Ismatu talks about their decision to go fee-free:
We also talked about Palestine. About the Black Panthers and the glaring parallels between the two liberation efforts. About the form of community that the Panthers imagined and actioned and how those efforts were co-opted, diluted, and rebranded as public assistance. How some of the most prolific activists in our collective history have been labeled “terrorists” because they stood for people over governments.
They shared what it was like to sit with Sekou Odinga before his passing on January 12th and on the importance of talking to our elders as a reminder that our radical “history” is still very present.
Ismatu remembers Sekou Odinga and the necessary presence of our elders’ stories.
For the past few weeks, I’ve been reflecting on the “radical” conversations I’ve had recently with “radical” people. And by “radical,” I mean sane.
Whether it’s sipping stew and talking about the Black Panthers with Ismatu, listening to discussions led by Joel Leon for his series “Let’s Get Free” or talking to my fellow single moms in the weekly Mothering While Single support group that I co-lead with therapist-in-training, Morgan Morrison — this feels more like freedom than the fleeting rights my government pretends to protect.
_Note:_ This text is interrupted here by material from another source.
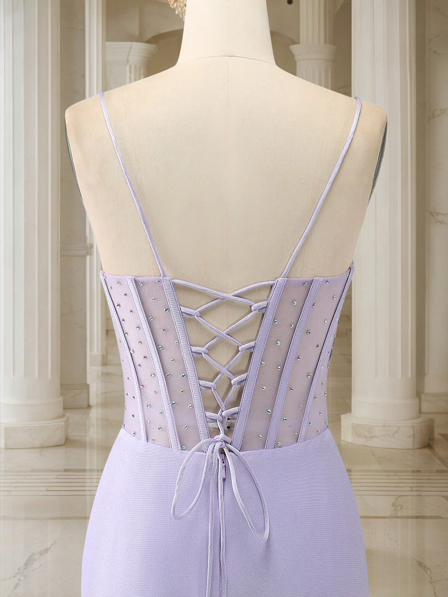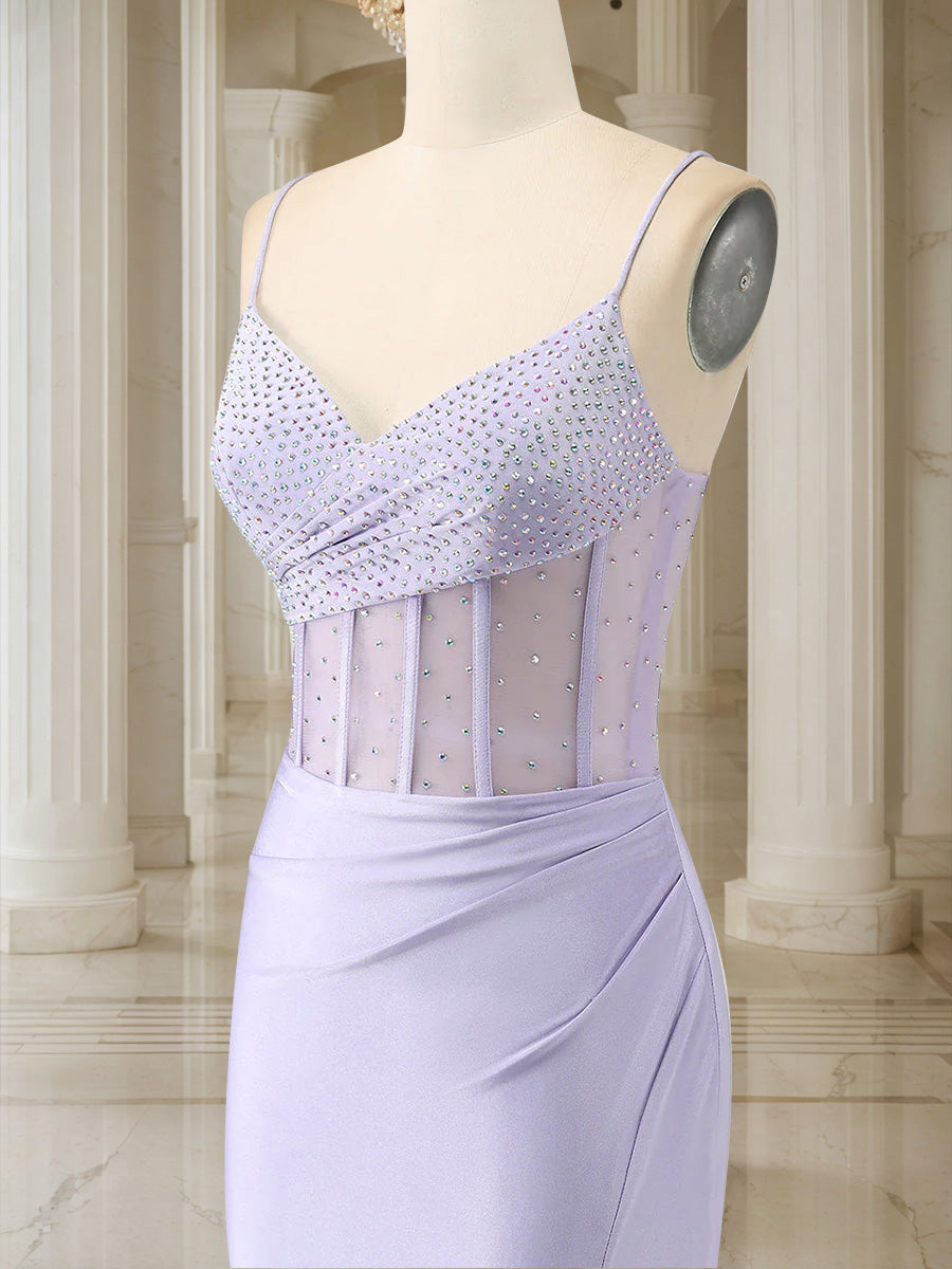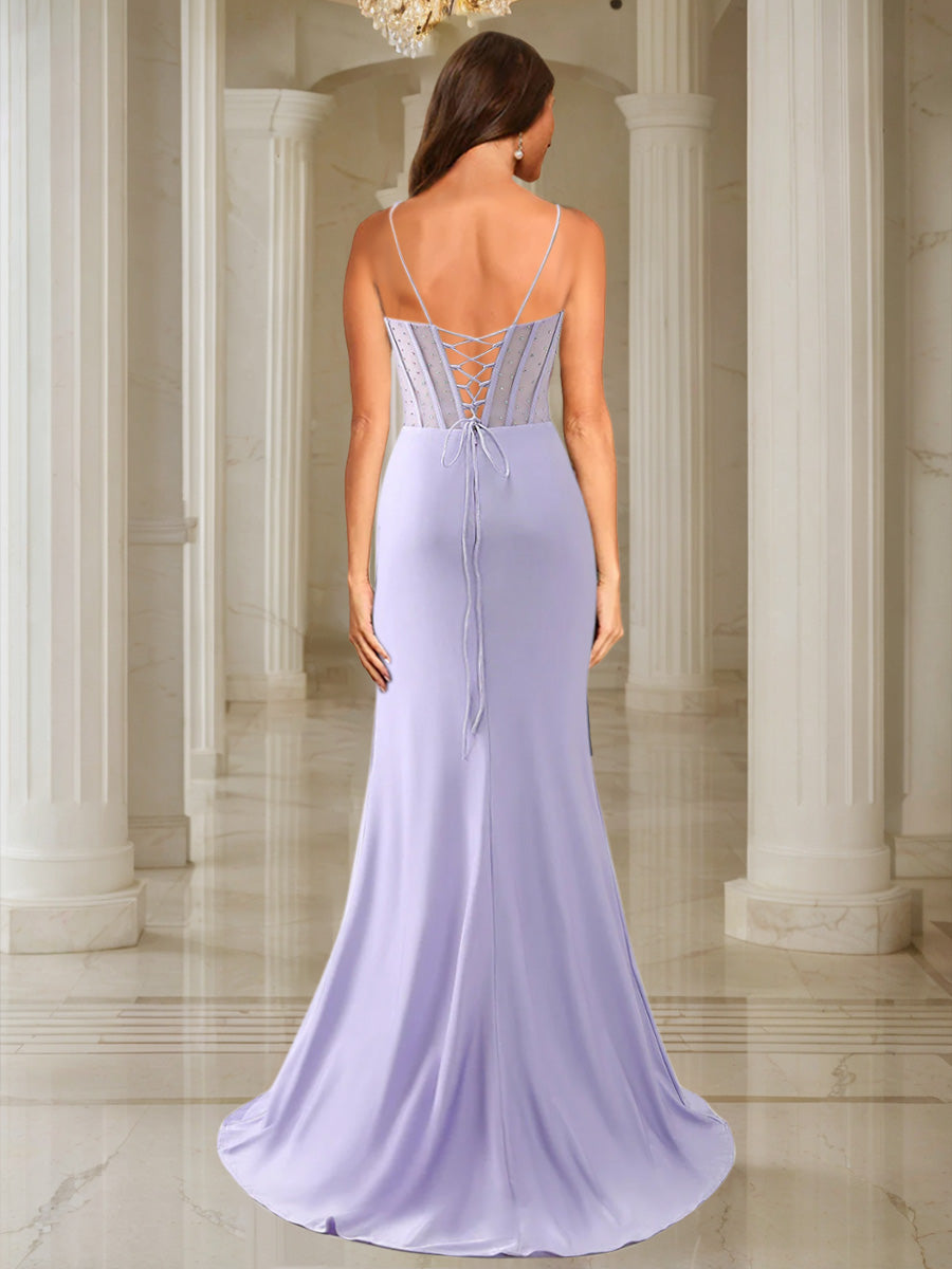 #Iyla 12010126 Trumpet/Mermaid Spaghetti Straps Pleated Satin Long Prom Dresses with Side Slit & Rhinestone

During the industry stillness of the late Fall and early Winter months, before LinkedIn rattled back into gear, initiating a wave of meetings, interviews, and Zoom calls, I had time to sit with this clunky, overused word: community.
When the talking heads drone on about their various platforms and initiatives, most of which will inevitably fall flat, lose momentum, or be mishandled into oblivion, I just kind of blankly nod.
Even as we inch closer and closer to that inevitable question — who the fuck are we going to vote for — I hope we remember that there is no simple solution. There is no designated singular individual who will carry us into the uncharted future. No matter how the presidential pendulum swings, we have to stop using the word “community” as a meaningless buzzword and start putting it into actionable practice.
Community is mutual aid. It’s, “I’ll pick your kid up today if you pick mine up Friday.” It’s sharing dinner with your upstairs neighbor. It’s transferring your womb care to a midwife. It’s volunteering at your local PTA, even if you’re not a parent or a teacher. It’s introducing a friend to a friend, so they can find a job. It’s offering your expertise for free or as a skill-trade. It’s asking, “How can I help” instead of saying, “Hope you’re well.”
When I think about what ails us, the collective us, I know the cure is community.
If this moment in time does nothing else, please allow it to radicalize you. Allow hope to climb above the imaginary walls we’ve been forced to confine ourselves to and remember that generational trauma is not our legacy. Community is.
Whew you came in hot with this one. I let out more than a few slow whispers of, “yesssss”.
“Maybe we can’t see community if it isn’t branded, packaged, and presented as a subscription.”
I closed my eyes and did the slow head nod to this. You put into one sentence a feeling that has been felt for so long about the commodification of community.
Chef’s kiss to this entire essay and I love the interweaving of audio with text.
The strong reminder that small acts of support and love always go further because assisting any one person ultimately assists us all.